WOOD RIVER — The alleged theft of nearly $143,000 by a southwestern Illinois city’s former assistant finance director eluded yearly audits by outside accounting firms and surfaced only after she made an unrelated bookkeeping gaffe, officials said.

Madison County prosecutors charged Leslie Dona, 41, on Thursday with theft of over $100,000, money laundering and official misconduct involving her work for Wood River, a city of 11,000 northeast of St. Louis. She was jailed Friday on $500,000 bond.

Authorities allege that Dona — a 17-year city worker — issued unauthorized checks to herself from city funds and pocketed the money, altering software, destroying records, manipulating funds and generating false reports to hide the transactions.

Police Chief Otis Steward said investigators still were trying to pinpoint whether more money was pilfered from the city’s coffers, noting that bank records only have been examined back to 2007’s start.

“What we’ve uncovered is like reading a crime novel,” City Manager Jim Schneider said.

Mayor Fred Ufert said Dona’s alleged embezzlement surfaced after she scrambled for months to fix an unrelated and inadvertent bookkeeping mistake. Dona last year miscoded a $100,000 electronic transfer, mistakenly sending the money to the Royal Bank of Scotland — with which Wood River does no business — instead of to the Illinois Metropolitan Investment Fund where it was intended.

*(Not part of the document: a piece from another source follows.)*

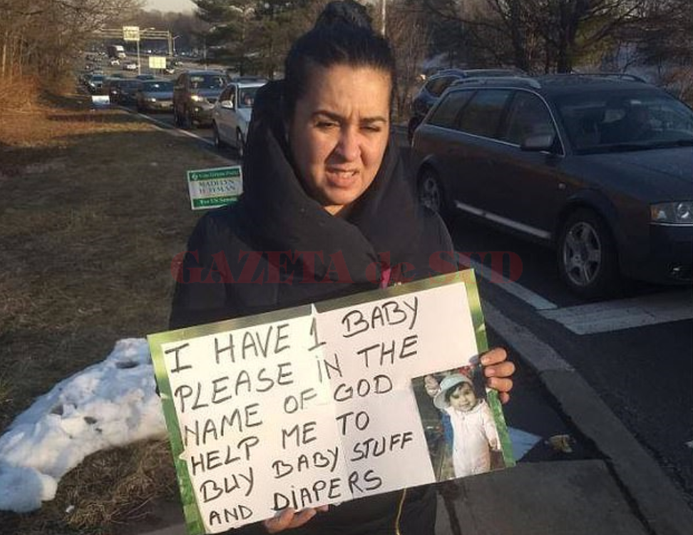 Poliția din New Jersey a reținut o româncă în vârstă de 34 de ani, acuzată că cerșea pe marginea unei șosele aglomerate, sub un pretext fals. Dorina Căldăraș stătea pe marginea străzii cu o pancartă pe care era lipită poza unui copil și mesajul: „Am un bebeluș. Vă rog, în numele lui Dumnezeu, ajutați-mă să cumpăr scutece și lucruri pentru copil”.

Wood River officials say the transfer wasn’t necessarily Dona’s fault, pointing out that the banking institution handling the transfer should have rejected it because it had incorrect account numbers. Instead, the bank added some numbers to it and deposited the money into the Royal Bank of Scotland account of someone from Rhode Island who later promptly withdrew the errant money.

Ufert said Dona noticed her mistake months later but never reported it.

Schneider said that last month, auditing firm CJ Schlosser and Co. uncovered inconsistencies in the city’s finances and asked to address them with Dona, but the day of that scheduled Friday meeting Dona called in sick. After that weekend, Dona didn’t report for work and went missing.

“We believe she panicked when she took off,” Ufert said.

Three days later, Dona surfaced in the St. Louis suburb of Eureka, Mo., after a police officer stopped her for erratic driving. While driving home that day, Dona wrecked her car and was hospitalized. During that time, Schneider said, authorities discovered the transfer error and ultimately “learned that she embezzled the city’s money and changed records so no one would find out.”

Wood River’s city council recently has voted to retain an Alton law firm in its quest to recover the wrongly transferred $100,000.

A message left Friday by The Associated Press at Dona’s home was not immediately returned. Court records do not show her as having retained an attorney.